No, she had to dig in and stay in New York. And Finn MacCauley’s offer was clearly the best way to do it. All he wanted in exchange was that she take care of the girls. What sort of hardship was that? She enjoyed the girls.

So what was the problem?

The problem, Izzy finally got around to admitting to herself, was Finn MacCauley himself. She’d never met anyone like him in her life. Sam, who was apparently wealthy beyond all her wildest dreams, seemed somehow more ordinary, more commonplace, than Finn.

Sam was easygoing, casual, lighthearted. There was nothing intense about Sam—unless it was the romantic spark he had fired in Izzy five years before. Finn, on the other hand, positively radiated passionate energy. She’d seen it in him the moment he’d burst out of the door to his studio. She could see it now as he prowled the confines of his kitchen.

It was a sort of intense singularly masculine energy that made her more than a little nervous. She found that surprising when she thought about it, because heaven knew she’d been raised around men. Since the age of seven, she’d been raised by men—Grandad and his sailor pals. But not one of them had she been as aware of as she was Finn MacCauley.

Did she want such a man to, as he put it so very bluntly, “shape her up”?

Did she have a choice?

Well, yes. She could say no thank you to his deal. But then where would she stay? And who would he get to take care of Tansy and Pansy?

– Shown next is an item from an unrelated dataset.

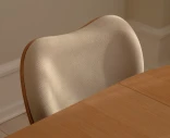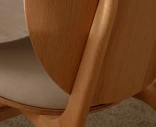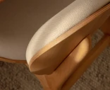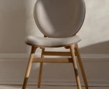 Runko on valmistettu massiivitammesta, ja istuin sekä selkänoja ovat muotoonpuristettua koivuvaneria tammiviilulla. Verhoiluna on Horizons – kestävä tekstiili, joka on valmistettu 100-prosenttisesti kierrätetystä polyesteristä. Pyöristetyt jalat, selkänojan pehmeät linjat ja tilava istuinosa muodostavat kokonaisuuden, jossa jokainen yksityiskohta on huolellisesti viimeistelty.
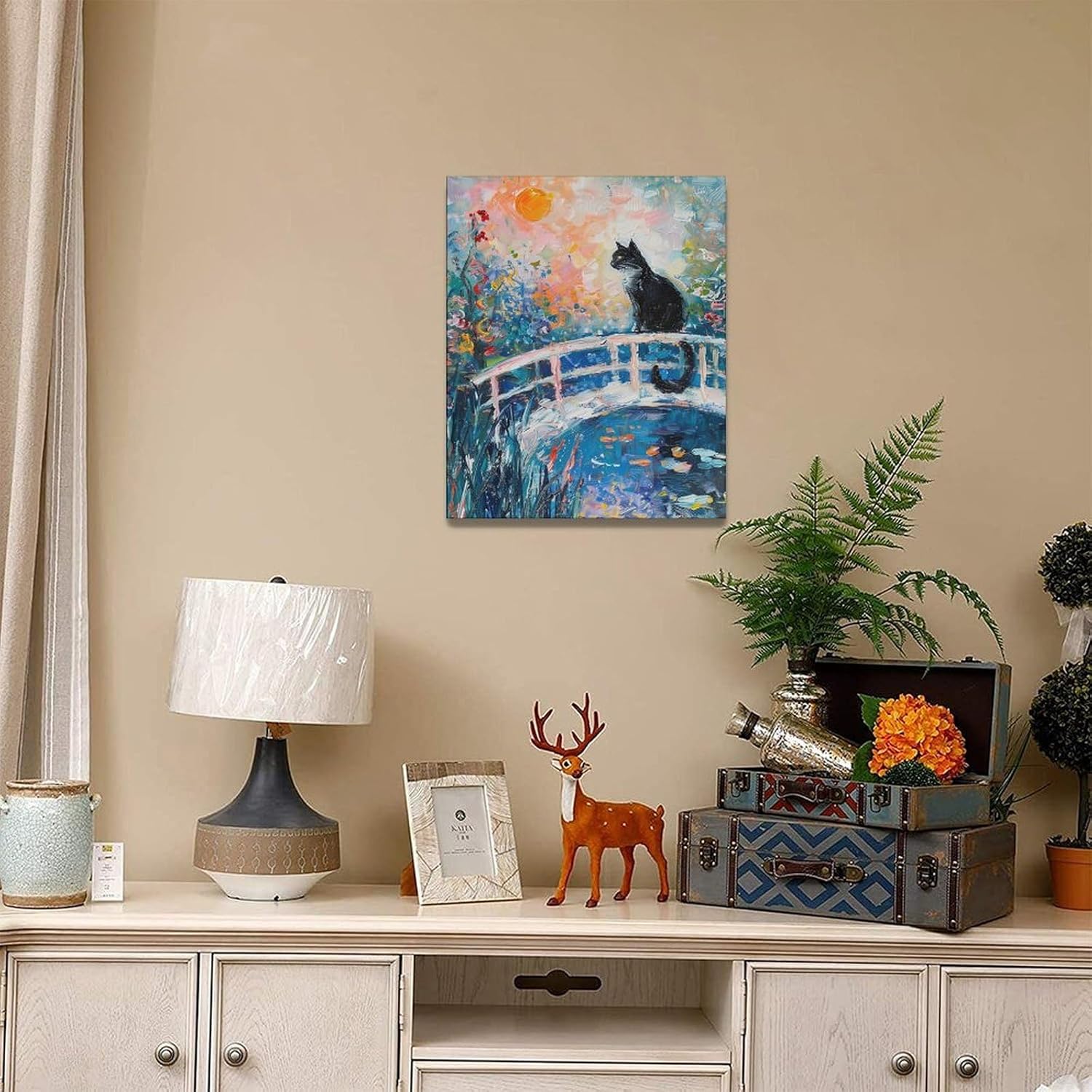 Quorin Black Cat Wall Art Water Lily Sunset Pictures Cat Wall Decor Impressionism Canvas Print Painting Artwork for Bathroom Living Room Bedroom 16"x20"

“For how long?” she asked warily.

“How long is Fletcher going to be gone?”

“I don’t know.” She didn’t relay any more of the ignominious details of her encounter with the doorman.

“I’ll find out tomorrow,” Finn said.

He acted as if it would be no big deal. Probably for him it wouldn’t be. No doubt she could learn a lot from him.

If she dared.

Visions of Pops and Digger and Hewey looking after her for the rest of her life—or theirs—rose again in her mind. She lifted her gaze and met his piratical one. “All right,” she said. “I’ll do it.”

She was awake at first light, surprised, in fact, that she’d slept at all. But the previous day’s events had been tiring enough so that it wasn’t long after her head hit the pillow that Izzy was out like a light. The sounds of the city woke her again when it was scarcely dawn. She didn’t know why sirens and rattling trash cans should sound different in New York than they did in San Francisco. She only knew that she was awakened very early.